### DATASET CONTENT
--- START ---
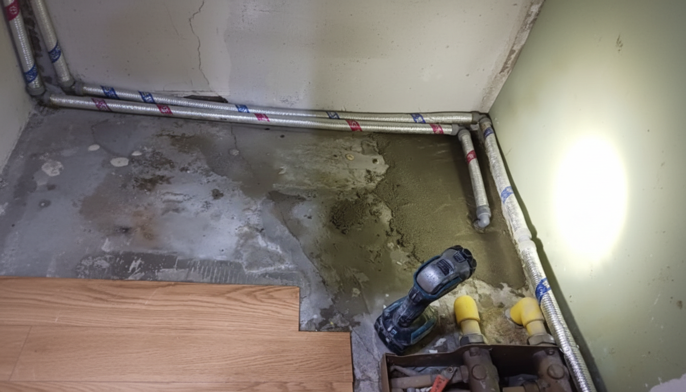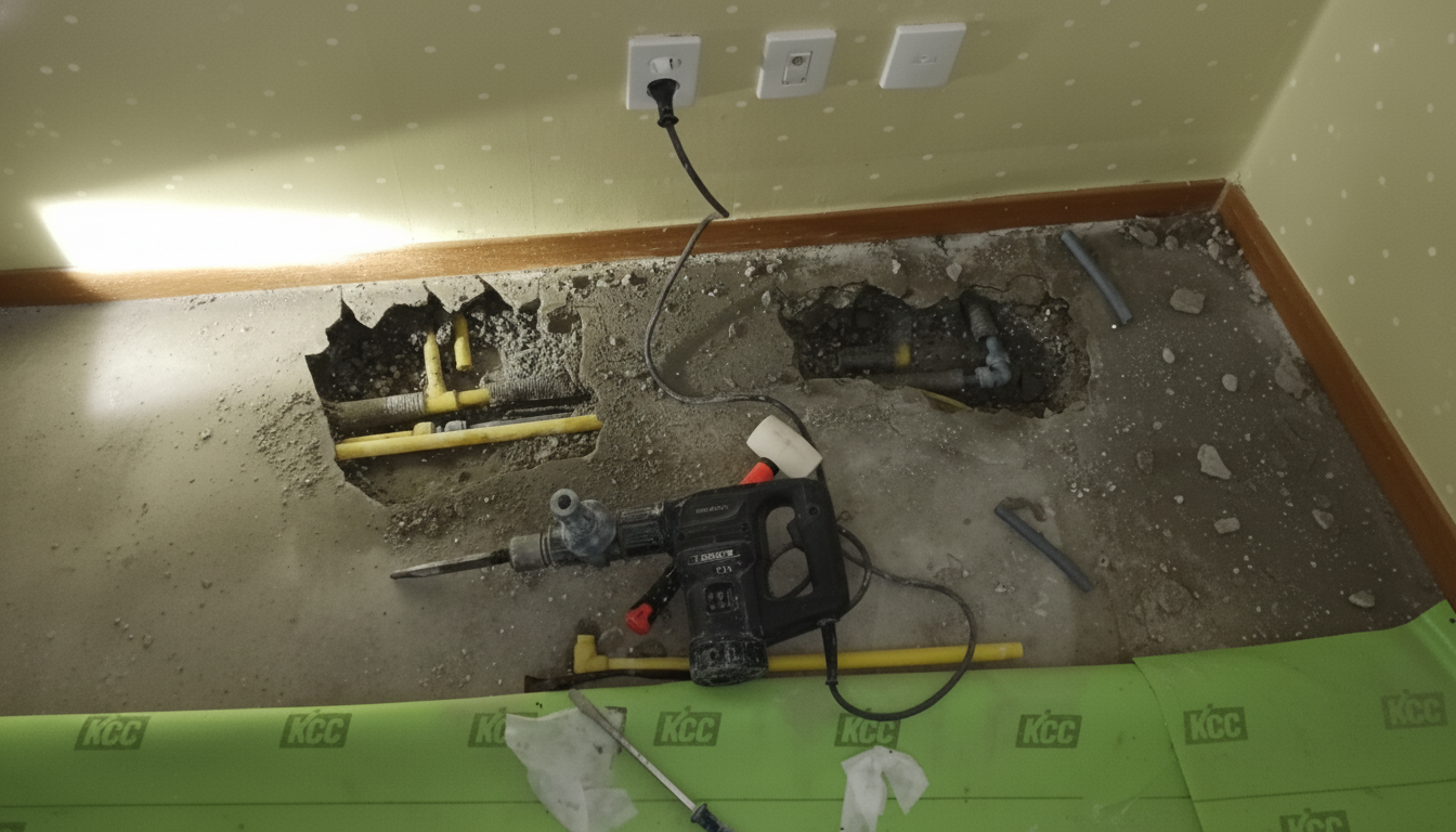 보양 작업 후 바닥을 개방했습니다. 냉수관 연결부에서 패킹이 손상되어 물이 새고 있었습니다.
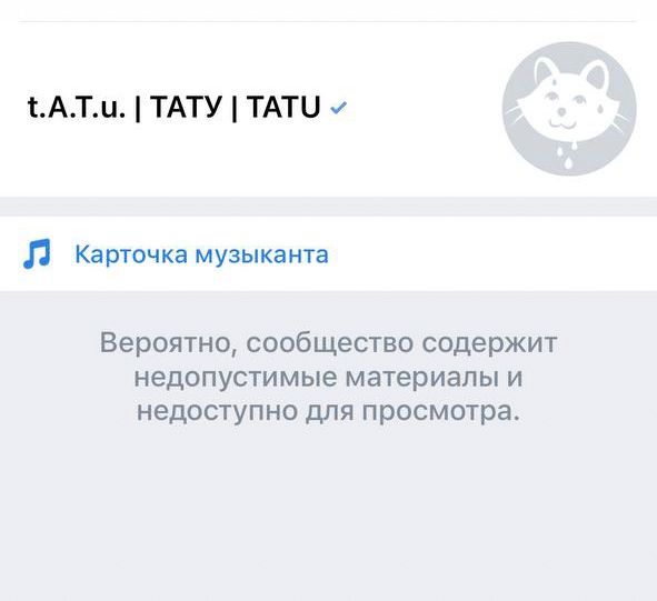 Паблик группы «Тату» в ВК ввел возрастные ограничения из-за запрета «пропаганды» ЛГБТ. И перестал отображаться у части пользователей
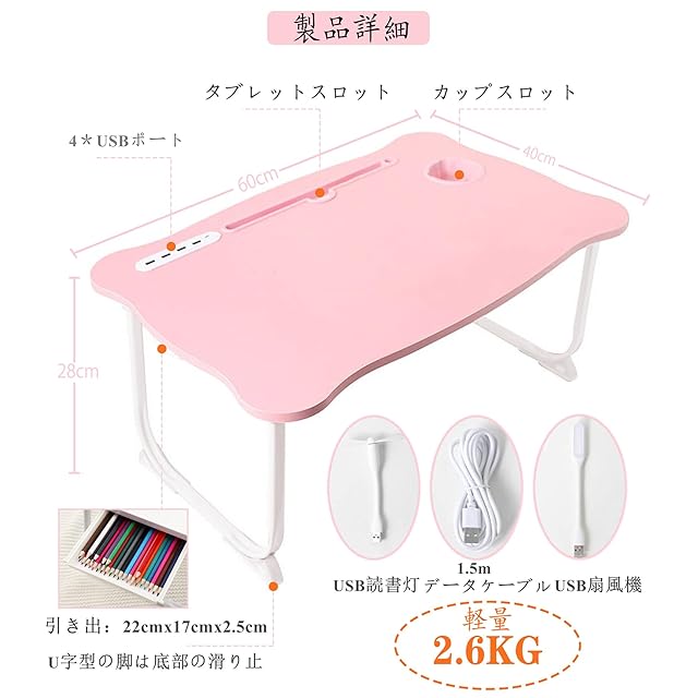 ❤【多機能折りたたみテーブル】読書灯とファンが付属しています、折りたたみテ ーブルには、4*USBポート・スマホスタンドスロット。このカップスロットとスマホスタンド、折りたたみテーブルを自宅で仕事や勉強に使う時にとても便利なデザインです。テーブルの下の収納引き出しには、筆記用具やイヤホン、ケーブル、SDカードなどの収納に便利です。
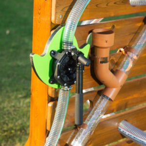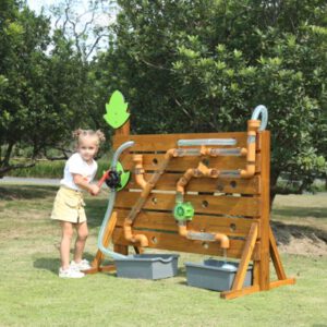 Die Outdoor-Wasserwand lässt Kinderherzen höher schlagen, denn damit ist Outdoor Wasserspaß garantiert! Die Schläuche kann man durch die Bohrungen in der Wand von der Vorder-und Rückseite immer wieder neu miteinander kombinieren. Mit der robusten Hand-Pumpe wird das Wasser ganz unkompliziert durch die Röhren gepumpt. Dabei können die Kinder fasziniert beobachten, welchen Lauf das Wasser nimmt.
--- END ---
### REQUIRED WORK
Write out the material above once more, exactly as it reads, with no pictures.

### RESPONSE TO THE EXERCISE
 보양 작업 후 바닥을 개방했습니다. 냉수관 연결부에서 패킹이 손상되어 물이 새고 있었습니다.
 Паблик группы «Тату» в ВК ввел возрастные ограничения из-за запрета «пропаганды» ЛГБТ. И перестал отображаться у части пользователей
 ❤【多機能折りたたみテーブル】読書灯とファンが付属しています、折りたたみテ ーブルには、4*USBポート・スマホスタンドスロット。このカップスロットとスマホスタンド、折りたたみテーブルを自宅で仕事や勉強に使う時にとても便利なデザインです。テーブルの下の収納引き出しには、筆記用具やイヤホン、ケーブル、SDカードなどの収納に便利です。
 Die Outdoor-Wasserwand lässt Kinderherzen höher schlagen, denn damit ist Outdoor Wasserspaß garantiert! Die Schläuche kann man durch die Bohrungen in der Wand von der Vorder-und Rückseite immer wieder neu miteinander kombinieren. Mit der robusten Hand-Pumpe wird das Wasser ganz unkompliziert durch die Röhren gepumpt. Dabei können die Kinder fasziniert beobachten, welchen Lauf das Wasser nimmt.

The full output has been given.